I suspected it wouldn't get me much, working on a $/£ that barely gets you a 3 bed semi here as well. The Toronto idea is interesting, I was only set on Vancouver because I have visited a few times and liked it, but I do remember the rain! Toronto looks nice as well though.

We can look into the areas, house prices and areas to live etc on our holiday, at the moment I just want to make sure we get a nice house in a nice area for our break.


----------



## OldPro (Feb 18, 2015)

Given what you have now added typod, I think your question re where to base yourself for your 2 weeks makes no real sense based on your future plans. 

Once you have a job, then you can consider where to live. I would separate that from where to base yourself for a vacation as that is all you can really talk about right now.

I would suggest it is easier for you to list some places that you are looking at for your vacation and ask if they are in decent areas. I would also suggest that you make sure you are looking at legal rentals as I get the impression you may not be looking at legal apartment hotels but rather at something like AirBnB which is coming under increased fire for the listing of illegal rentals.
Vancouver eyeballs Airbnb as rental properties snapped up
In that regard, let me warn you.
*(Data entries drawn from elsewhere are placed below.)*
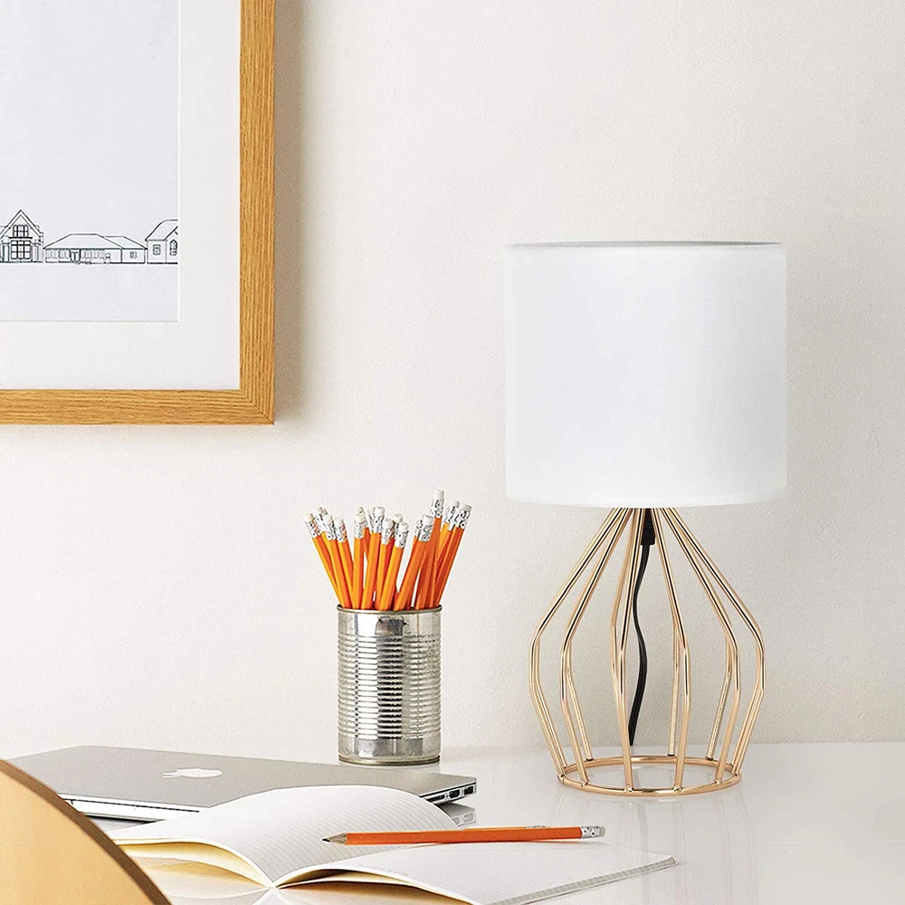 IDEAL LAMP SIZE FOR ANY DESK: Lamp dimension - 13.8 * 7.1 * 4.7 inches, it’s a small gold lamp with compact and generous design, that is ideal to fit any size table, desk, occupy small spaces. It’s perfect in living room, bedroom, girls room, den, college dorm, family, etc. (Please be clear about the size when you browse) High-Quality : The bedside lamp is constructed of high-quality metal frame base and white fabric shade that provide a modern stylish feeling, which is also enduring, durable and aesthetic. The high quality of the bedroom lamp allows it to be long last and stylish, beautiful accessory for one’s room! The gold table lamp is perfect décor for a beautiful modern house that adds a touch of beauty to any room. Also, it will be a best choice for you to give a gift for your friends, lover, family! Simple & Minimalist Design : The nightsantd lamp looks modern but also retro with gold chrome metal basket cage style base and fabric lamp shade, never out of fashion. Its modern black chrome metal basket cage style and warm comfortable light creates the romantic and elegant atmosphere, which is unique decoration wherever you put it in. Safety & Easy To Use : The cord and plug of the small lamp are UL listed which is no any security risks. An ON/OFF button on the power cord is convenient to use. It’s a lighter weight lamp, easy to move to any place where you have lighting needs. Easy to assemble. Very nice minimalist light for the right price! Satisfactory Service : Replacement and Return within 30 days, HAITRAL is always committed to offering premium quality and best service. Any problems, please feel free to directly, we will reply you within 24 hours. Product Description Click "HAITRAL" to enter brand flagship store,SEE MORE table lamps for indoor Detail of the Gold Table Lamp Fabric Lamp Shade The small gold lamp with white fabric shade softens the light, creating a warm, beautiful and comfortable feeling for any room. Bulb Requirement Bulb Not Included. The modern bedside lamp required an E26 regular bulb, Max 60 watt. Switch on Cable An ON-OFF switch on the cord is near the lamp base, just about 7.8 inches (20 cm), easy to use. (Non-touch Switch) Gold Metal Base The hollowed-out diamond-shaped base was combined with spray paint and high temperature furnace fixation technology, which is enduring, durable and aesthetic. HAITRAL Modern Table Lamp A Nice Gifts to Your Friends Its unique and beautiful design will elevate the aesthetics of any room and display an elegant and beautiful warmth atmosphere to a room. It’s a great desk lamp office, reading desk lamp, kids room lamp, girls room lamp, living room lamp, kitchen lamp, essentially anywhere that is needed for added brightness. About the Bulbs we suggest you using LED Bulb: 4W-6W Energy Saving Bulb: 8W-11W Incandescent Bulb: 15W-25W(60W Max) Please Notice Since the white wire is not resistant to dirt, the transparent wire will turn yellow after long-term use, so the wire we designed for this lamp is black color, please understand. Specification Shade Color: White Frame Color: Gold(French gold, not pure gold) Cable Color: Black Bulb Base: E26 (Max 60W) Material: Fabric/Metal Switch Type: Button Switch The Length of Power Cord: about 67 inches Package Included: 1 x Gold Table Lamp (Without Bulb) Size of the Lamp Lamp dimension - 13.8 x 7.1 x 4.7 inches, the gold lamp is designed as small lamp with lampshade to protect your eyes, please pay attention to the size of lamp before buying! (Please be clear about the size when you browse) As a Modern Bedside Lamp The nightstand lamp is made by metal and fabric lamp shade, which will creative a soft and warm light in night. And nice end table lamp will creative warm light without bothering other people.An ON-OFF switch on the cord is near the lamp base, just about 7.8 inches (20 cm), it easy to use it as a bedside lamp. Warm & Soft Lighting For Any Room The simple and elegant style lamp, will be a nice home decor for any room, like kid room, bedroom, living room,reading room and dorm.It is enough small to save your space,and will be a nice choice to be a gift for your family and friends. Kindly Tips: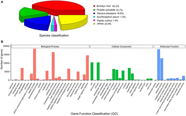 Figure 1. Annotation summaries for E. grisescens transcripts. (A) Species distribution of transcripts with best hit annotation terms in non-redundant (NR) database. (B) Gene ontology (GO) classifications of E. grisescens transcripts.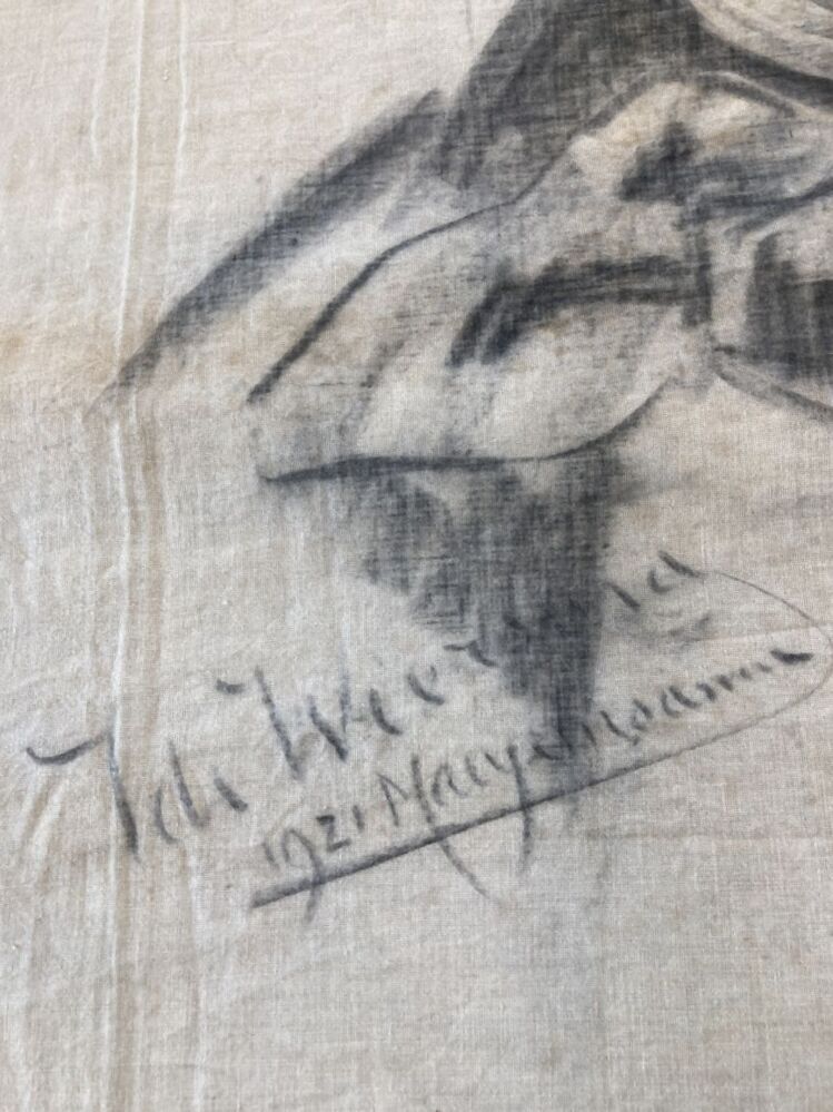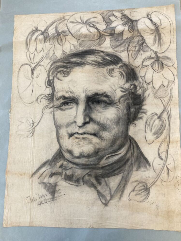 Gedenkdoek met daarop portret van Eeltsje Halbertsma, omgeven door waterlelies met houtskool op wit katoen

If you rent a condo that is an illegal rental, it is the neighbours who may well make it very clear to you that you are not welcome there. More and more condo buildings are doing so.


----------



## typod (Jul 25, 2015)

You are 100% correct at the moment this is more focused on a holiday with the potential to explore rather than picking a place to live, which will largely depend on where/if I get a job.

I have heard the odd bits and pieces about AirBnB but didn't know it was that bad. I have been looking at them and another side called HomeAway. Clearly I don't want to do anything dodgy as this is a family holiday and I could do without that sort of problems from my short term neighbors. So far Burnaby has been mentioned and seems like a nice place but that is just looking via google maps streetview. Then again most places out there seem nice when compared to the UK, house are much bigger etc etc.


----------



## colchar (Oct 25, 2011)

Snow won't be a concern in Vancouver as it doesn't get snow like the rest of the country does. As WCCG mentioned, she has had to cut the grass between Christmas and New Year's!
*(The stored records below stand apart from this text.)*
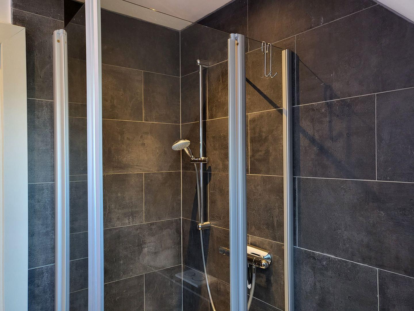 Zur Ferienwohnung gehört ein modern gestaltetes Badezimmer mit Veluxfenster, Dusche, Waschbecken und WC.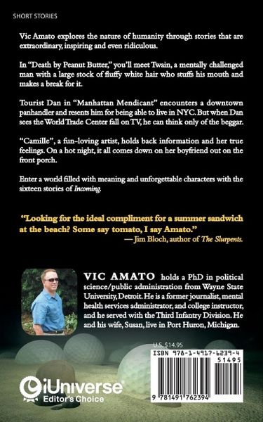 Vic Amato explores the nature of humanity through stories that are extraordinary, inspiring and even ridiculous. In "Death by Peanut Butter," you'll meet Twain, a mentally challenged man with a large stock of fluffy white hair who stuffs his mouth and makes a break for it. Tourist Dan in "Manhattan Mendicant" encounters a downtown panhandler and resents him for being able to live in NYC. But when Dan sees the World Trade Center fall on TV, he can think only of the beggar. "Camille", a fun-loving artist, holds back information and her true feelings. On a hot night, it all comes down on her boyfriend out on the front porch. Enter a world filled with meaning and unforgettable characters with the sixteen stories of Incoming. "Looking for the ideal compliment for a summer sandwich at the beach? Some say tomato, I say Amato." - Jim Bloch, author of The Slurpents.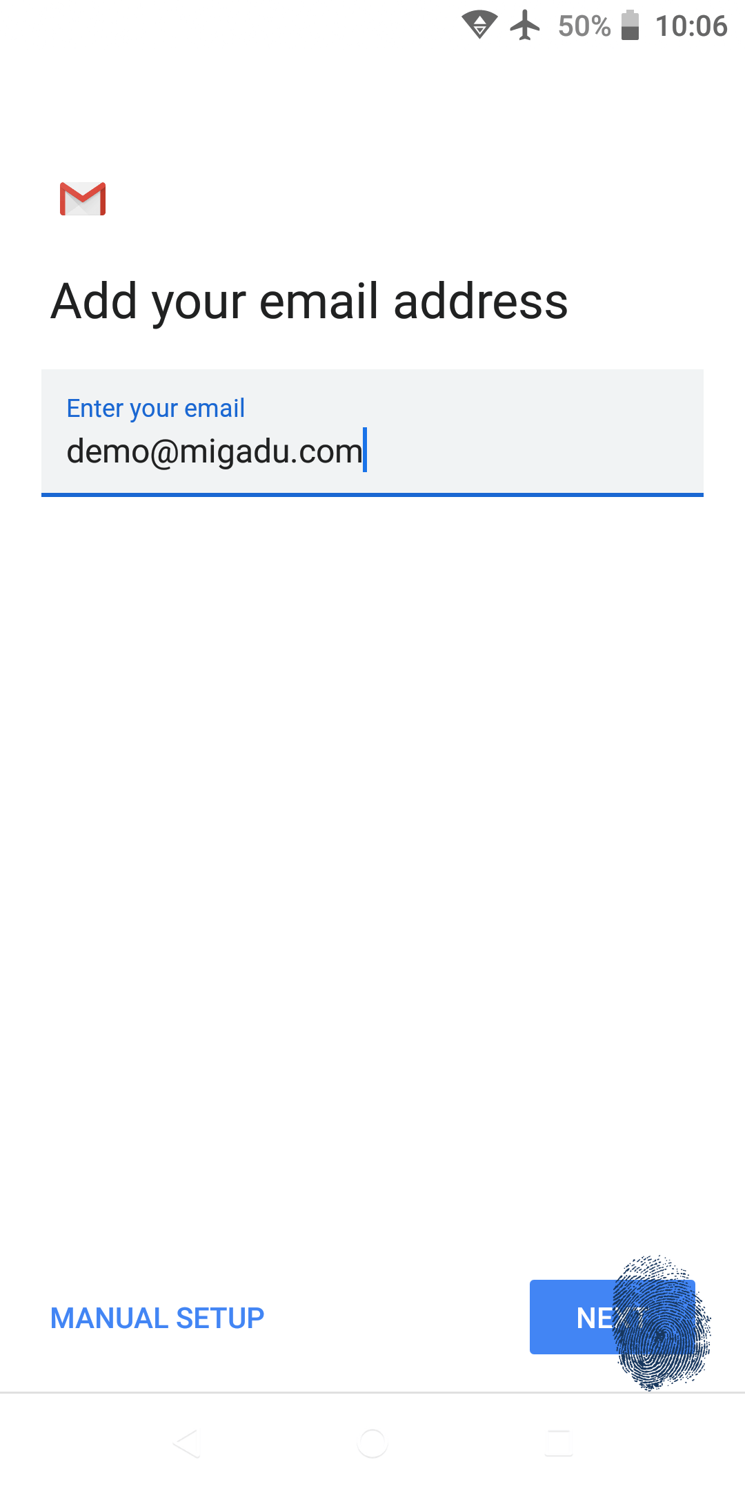 Enter your Migadu hosted mailbox address now and tap Next.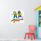 Cute cartoon whimsical illustration of two happy little boys from different ethnic backgrounds playing together in the mud. Easily customise and choose your own background colour or add text. Image available on various gifts and products.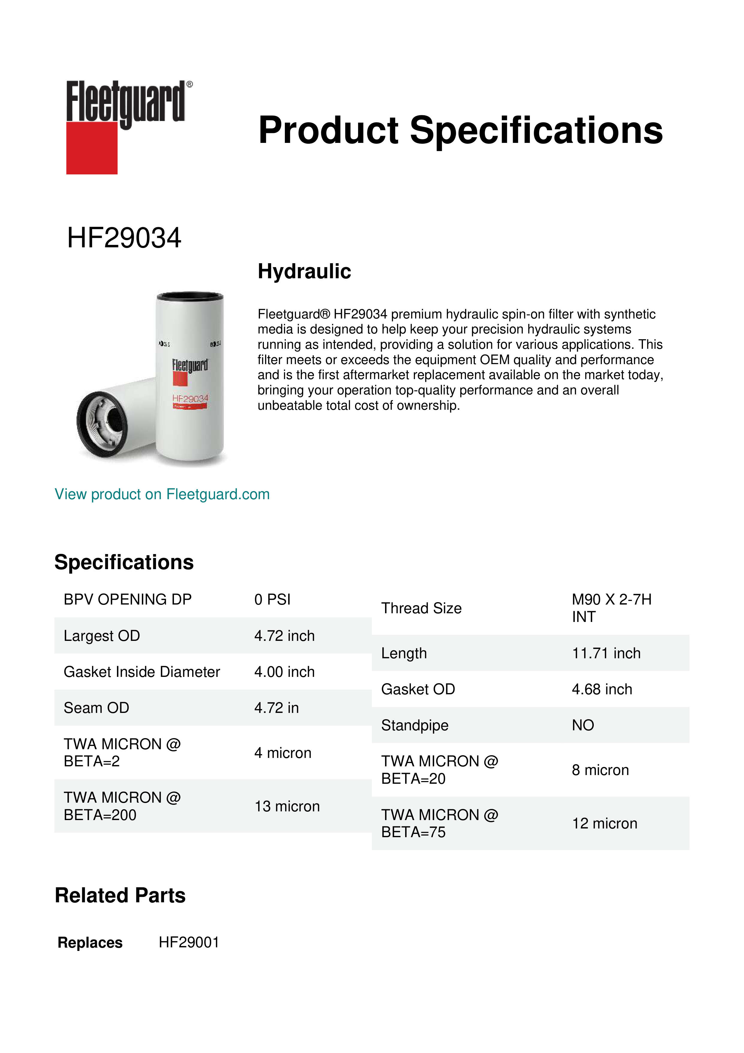 Fleetguard® HF29034 premium hydraulic spin-on filter with synthetic media is designed to help keep your precision hydraulic systems running as intended, providing a solution for various applications. This filter meets or exceeds the equipment OEM quality and performance and is the first aftermarket replacement available on the market today, bringing your operation top-quality performance and an overall unbeatable total cost of ownership.Specification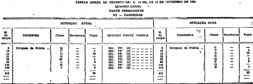 carreira de Delegado de Polícia, da Tabela III da Parte Permanente do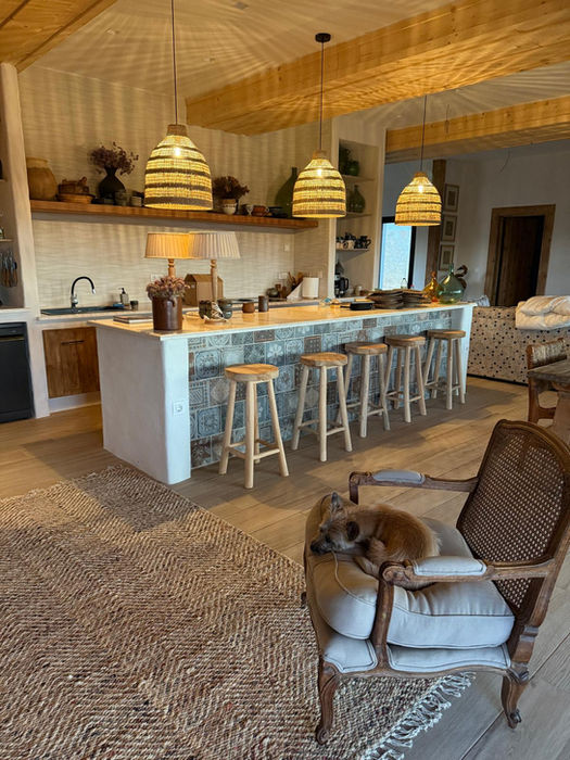 A beautifully hand crafted home wooden patterned floor tiles set the tone, hand-woven linen and wool curtains soften the light, and modern comforts like air conditioning and heating blend seamlessly with an open wardrobe, large sliding doors to a sun-kissed terrace, luxury bedding and cotton bathrobes, all complemented by three inviting lounging areas indoors and out, and an open-plan kitchen and dining space designed for relaxed, elegant living.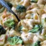 Add cubed cream cheese stirring until it’s almost combined then pour in the chicken stock and give it all a good stir to combine.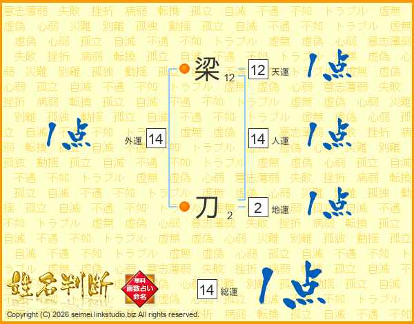 梁刀さんの人運は14画の1点!

Vancouver is also _very_ expensive so, if I were you, I would give some thought to other areas of the country before planning a holiday. And it isn't just big cities as some smaller ones (Waterloo Ontario for instance) have significant IT sectors. Granted, in Waterloo you would have far more competition for jobs because there are so many IT people there in addition to the University of Waterloo which is the best Math, Computing, and Engineering school in the country.


----------



## WestCoastCanadianGirl (Mar 17, 2012)

My parents house in North Delta (suburban Vancouver, roughly 25 miles from downtown or about 1.25 hours commute downtown by bus & SkyTrain) is 4 bedrooms and is about 40 years old and would likely fetch upwards from 500,000$ or more on today's market... the house next to theirs (larger and more recently renovated but the same age) recently sold for $1mil. It has a Granny flat (garden flat) in the back and is in the catchment for a good elementary (K-Grade 7) and secondary school (Grade 8-12... most of the graduating class go on to pursue post secondary education - within BC and Canada and beyond)


----------



## KerryCullen (Jul 28, 2015)

Hi, sorry to hijack your post. 

Myself (28) and my family (husband 30, son 4 and daughter 3) are looking Emigrate from the UK to Canada in the next couple of years. 
I have just a few short months left from completing a bachelors degree in Adult nursing, however we do cover a small portion of mental health, child and maternity within the curriculum, but it is rather a small amount. My husband is a qualified plumber. 
I would love to move over as soon as possible, does anyone have any advice on where to start once I am qualified? 
I've read so much and it's all quite overwhelming. I've booked tickets to a conference for people wanting to emigrate and this is held in London in October. 

Any help would be hugely appreciated! 

Many thanks


----------